(Data entries)
################

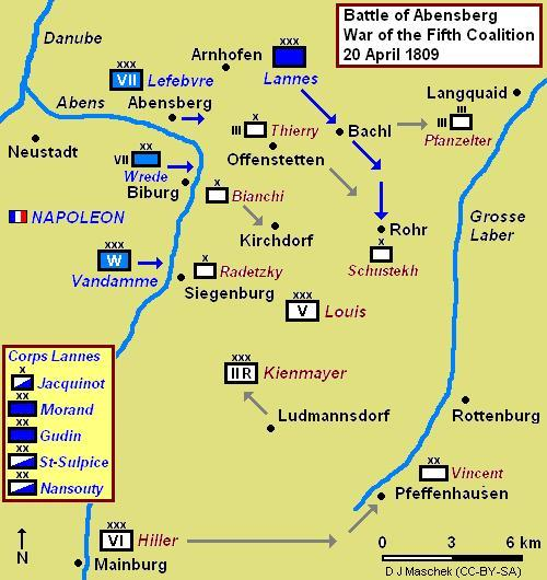 Map of the Battle of Abensberg, 20 April 1809
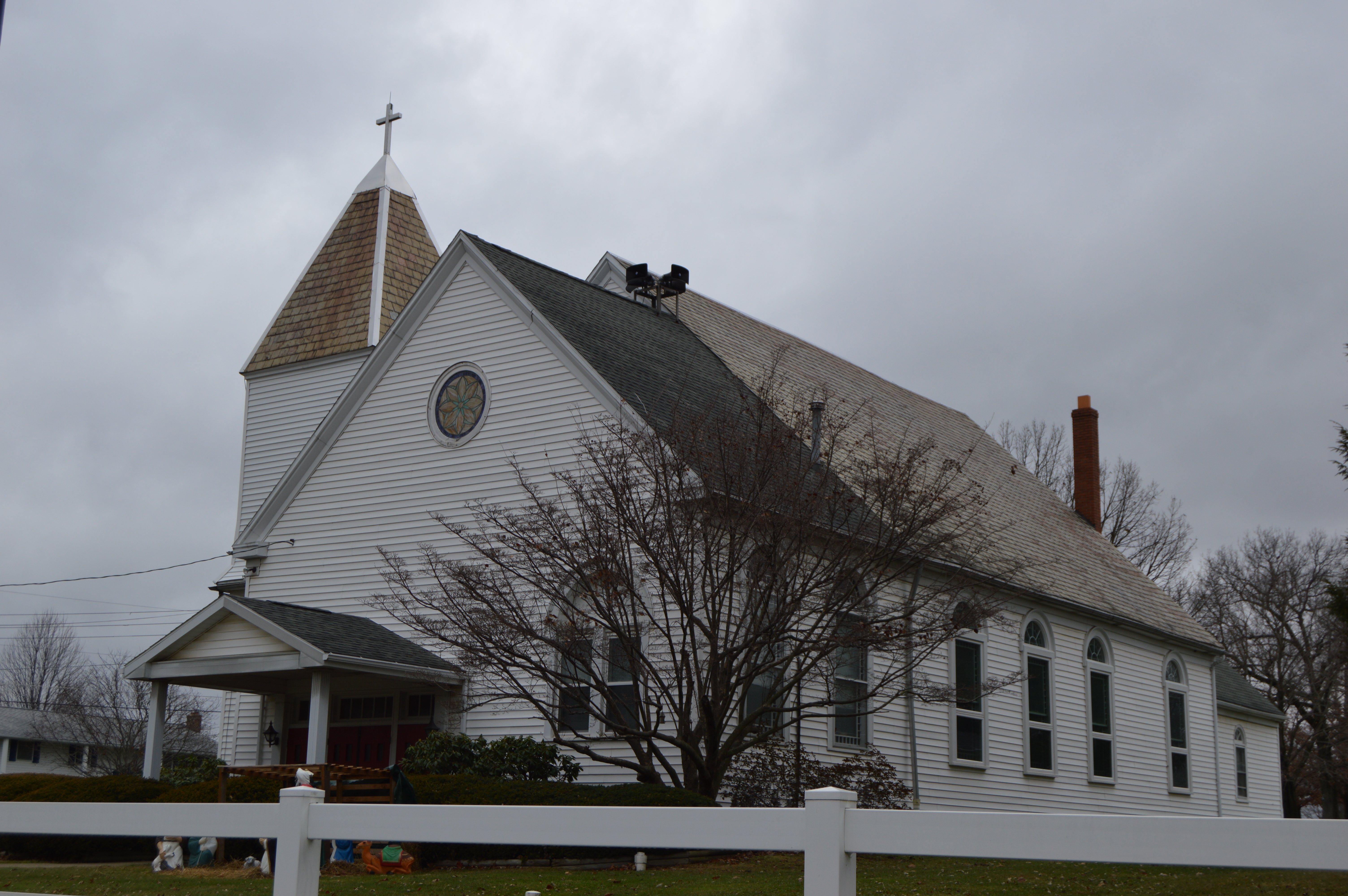 Front and eastern side of White Oak Springs Presbyterian Church, located at 102 Shannon Road in Connoquenessing Township, Butler County, Pennsylvania, United States.
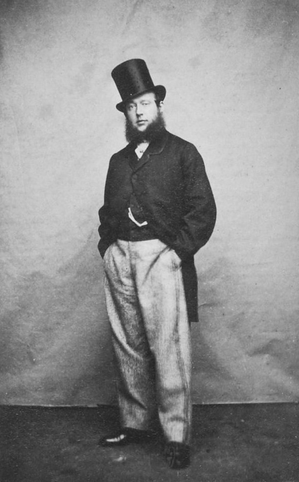 Alexandre Basilewsky (1829-1899)
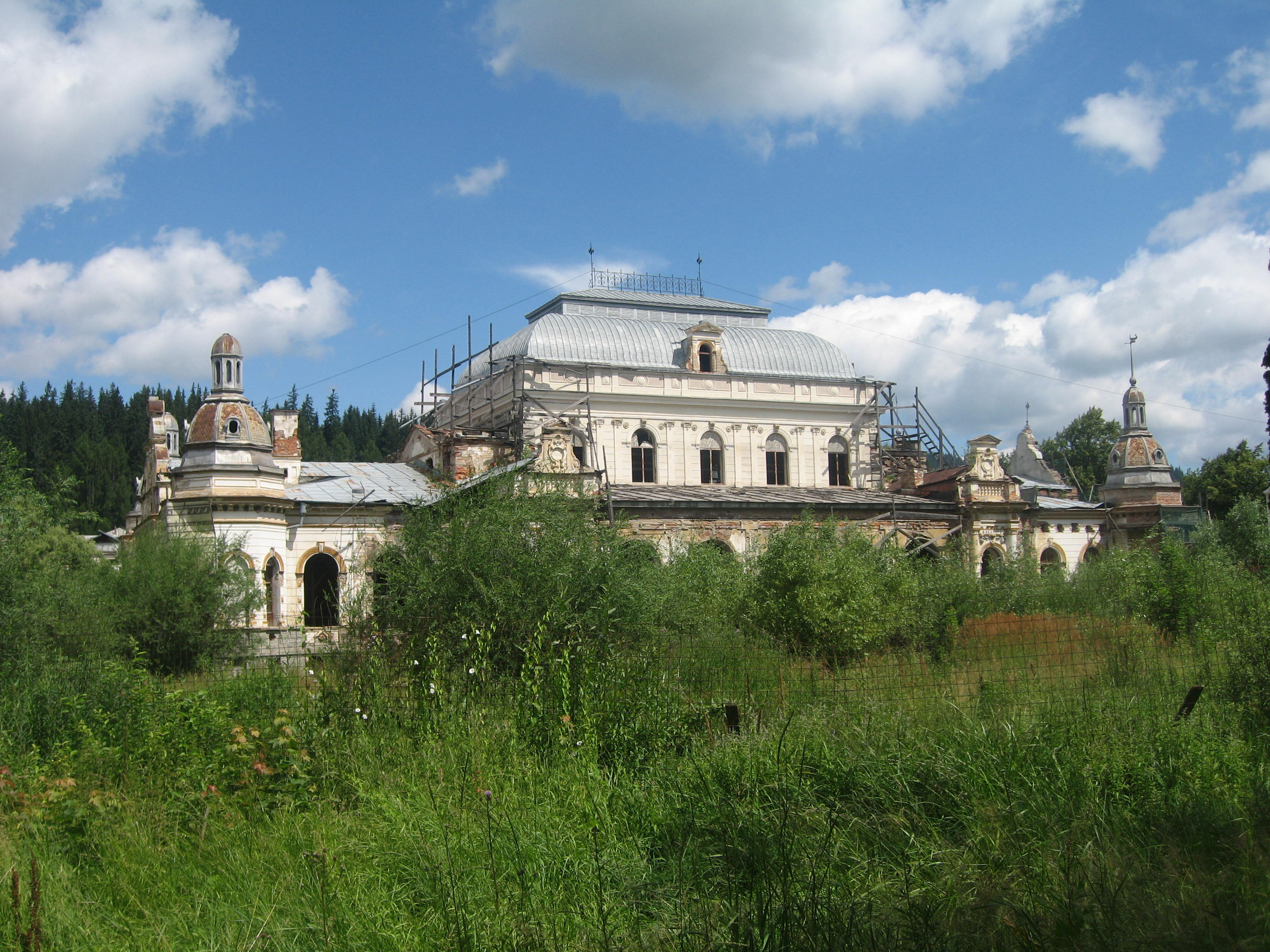 The Casino of Vatra Dornei, Romania
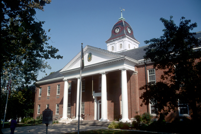 Front of the Caroline County Courthouse, located at 109 Market Street in Denton, Maryland, United States. It is part of the Denton Historic District, which is listed on the National Register of Historic Places.
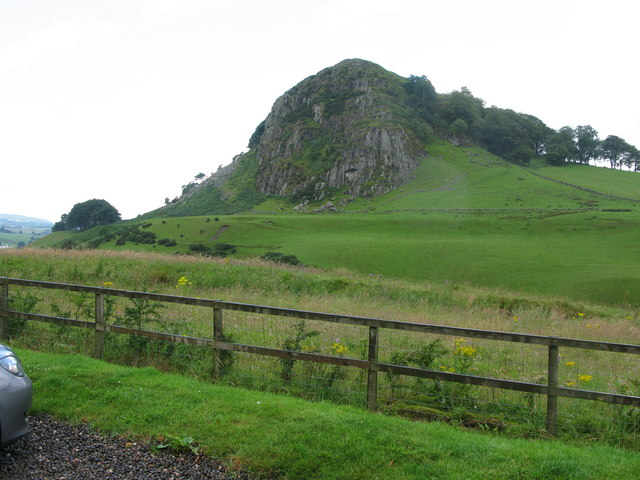 Loudoun Hill Viewed from the Car Park.
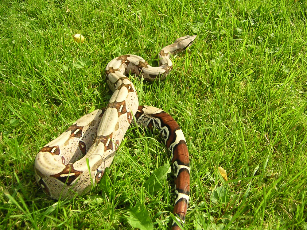 Snake, boa constrictor guyana red tail
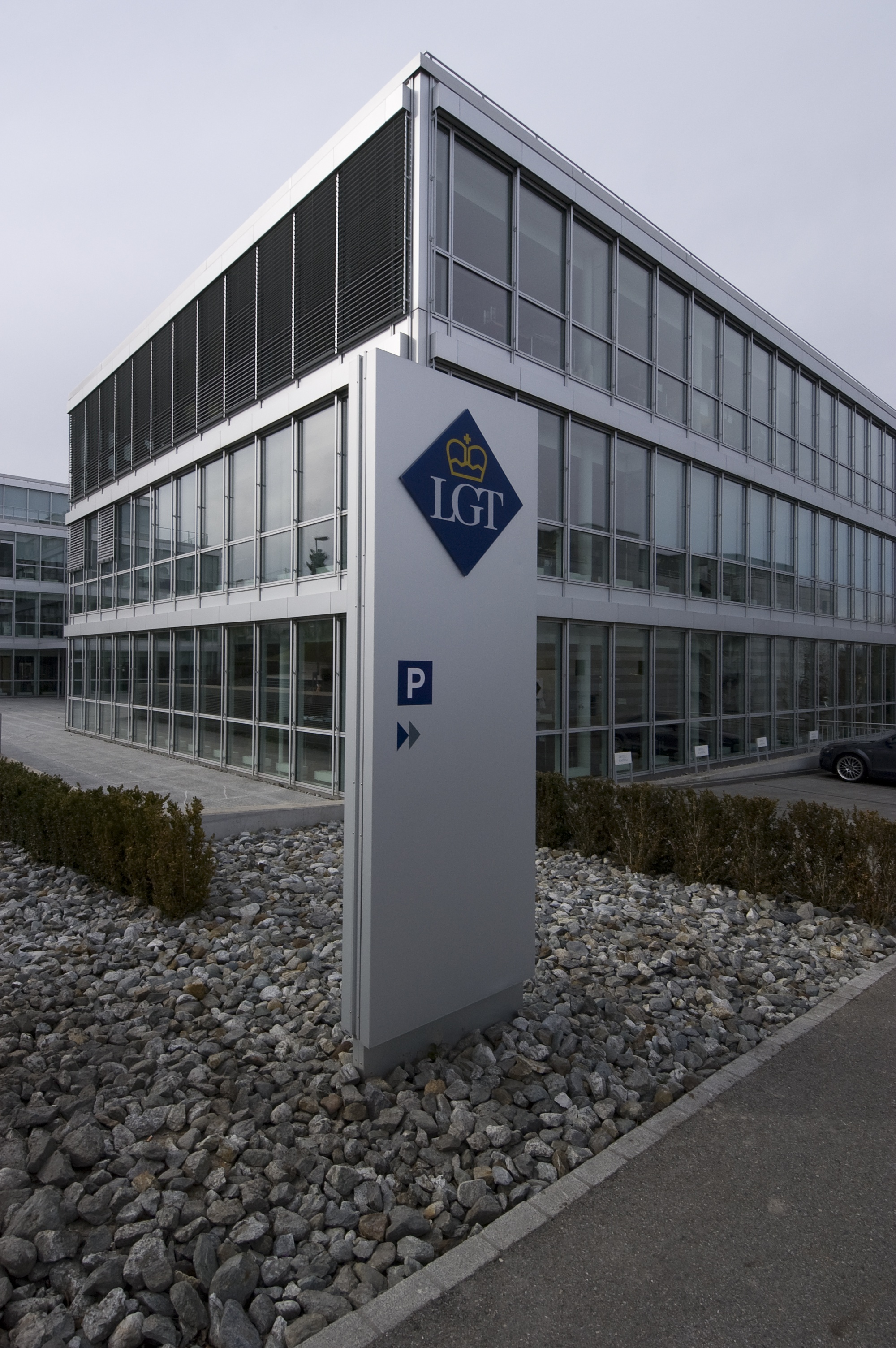 LGT in Pfäffikon SZ
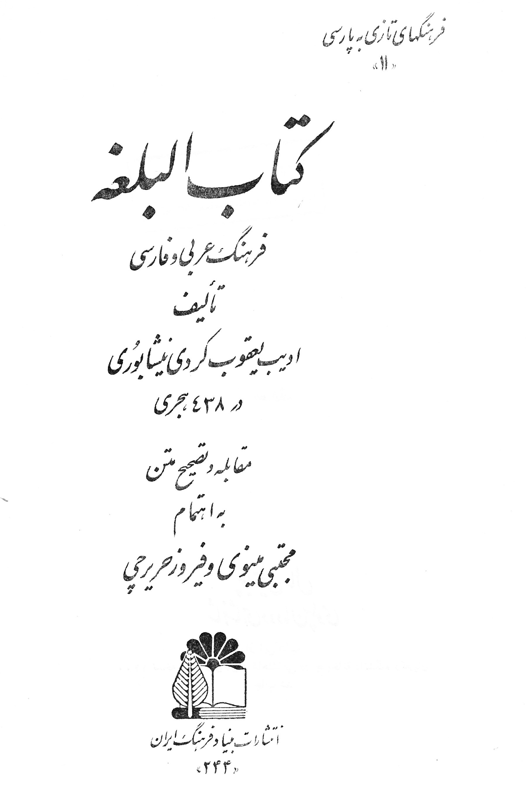 Titel Page
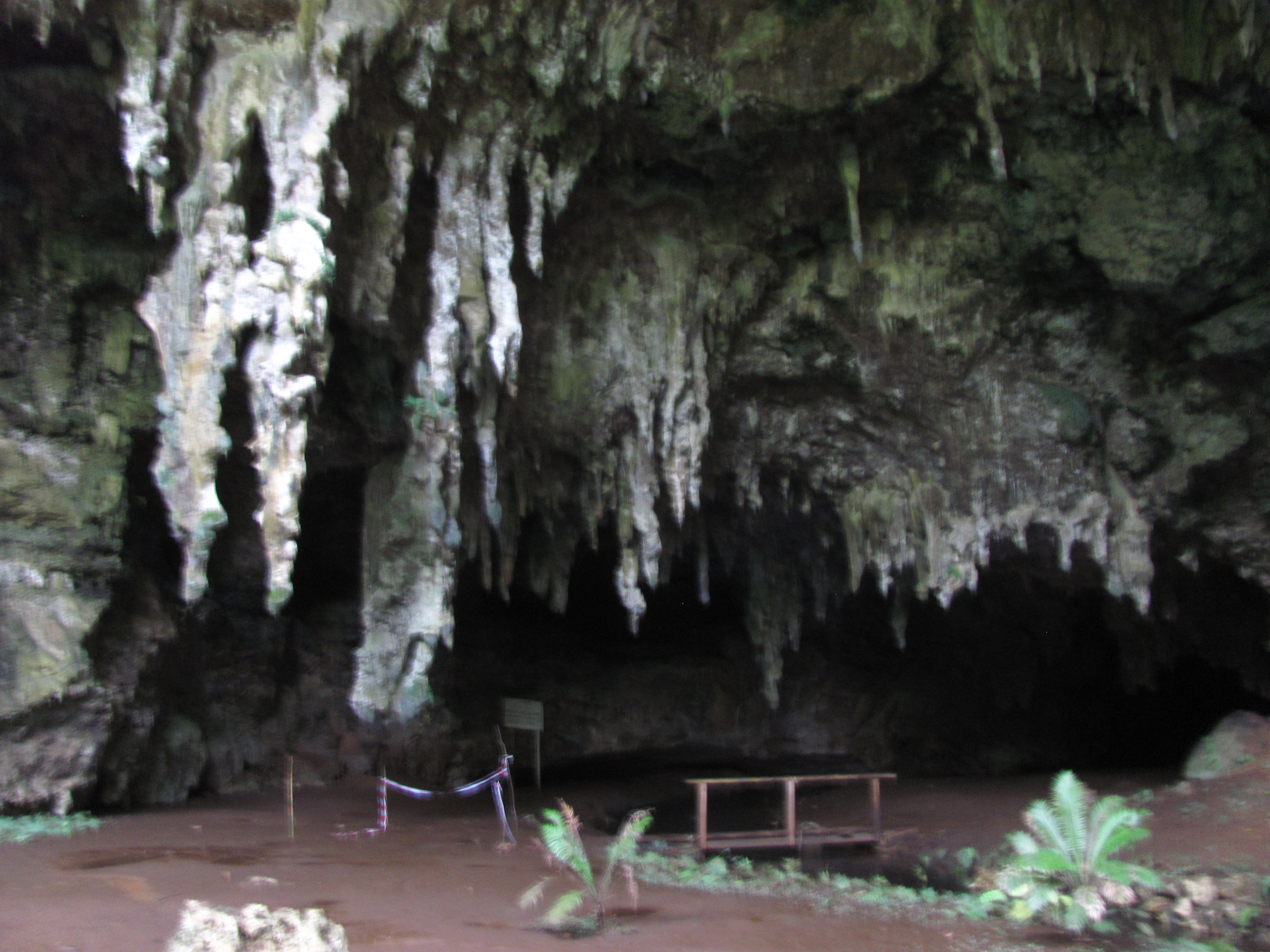 Cave "Grotte de la Reine Hortense", L'Île-des-Pins, New Caledonia

################

• Exercise requirements
An exact copy of every entry, without pictures, should be your output.

• Exercise output
 Map of the Battle of Abensberg, 20 April 1809
 Front and eastern side of White Oak Springs Presbyterian Church, located at 102 Shannon Road in Connoquenessing Township, Butler County, Pennsylvania, United States.
 Alexandre Basilewsky (1829-1899)
 The Casino of Vatra Dornei, Romania
 Front of the Caroline County Courthouse, located at 109 Market Street in Denton, Maryland, United States. It is part of the Denton Historic District, which is listed on the National Register of Historic Places.
 Loudoun Hill Viewed from the Car Park.
 Snake, boa constrictor guyana red tail
 LGT in Pfäffikon SZ
 Titel Page
 Cave "Grotte de la Reine Hortense", L'Île-des-Pins, New Caledonia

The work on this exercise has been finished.